Description
Indulge in a delightful blueberry cream cheese croissant casserole. This step-by-step recipe shows you how to make an easy to bake breakfast or dessert with the best flavor.
Ingredients
- 6–8 large day-old croissants, torn into 1–2 inch pieces
- 8 oz (226g) cream cheese, softened
- 1/2 cup (100g) granulated sugar, divided
- 2 large eggs
- 2 cups (480ml) whole milk (or half-and-half)

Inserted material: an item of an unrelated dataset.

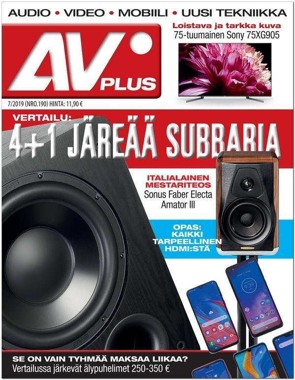 Uusi AVPlus 7/2019 on ilmestynyt – printtiin palanneessa numerossa esimerkiksi ennakkokatsaus HIFImessuista, alle 350 euron järkipuhelimet ja 12 tuuman subbarit

- 1 tsp pure vanilla extract, divided
- 1/2 tsp ground cinnamon
- 1.5 – 2 cups fresh blueberries (or frozen, not thawed)
- Optional: 1 tbsp turbinado sugar for topping
Instructions
- 1. Prepare Baking Dish & Croissants: Preheat oven to 375°F (190°C). Grease a 9×13 inch baking dish. Arrange two-thirds of the torn croissant pieces in the dish.
- 2. Make Cream Cheese Mixture: In a bowl, beat softened cream cheese with 2 tbsp granulated sugar and 1/2 tsp vanilla extract until smooth. Dollop over croissants.
- 3. Whisk Custard: In a large bowl, whisk milk, eggs, remaining 1/2 cup granulated sugar, 1 tsp vanilla extract, and cinnamon until well combined.
- 4. Layer & Soak: Sprinkle half the blueberries over the croissants. Pour custard evenly over everything, pressing croissants to absorb. Top with remaining croissants and blueberries. Sprinkle with turbinado sugar if desired.
- 5. Bake: Bake for 35-45 minutes, or until golden brown and custard is set. Let rest 10-15 minutes before serving.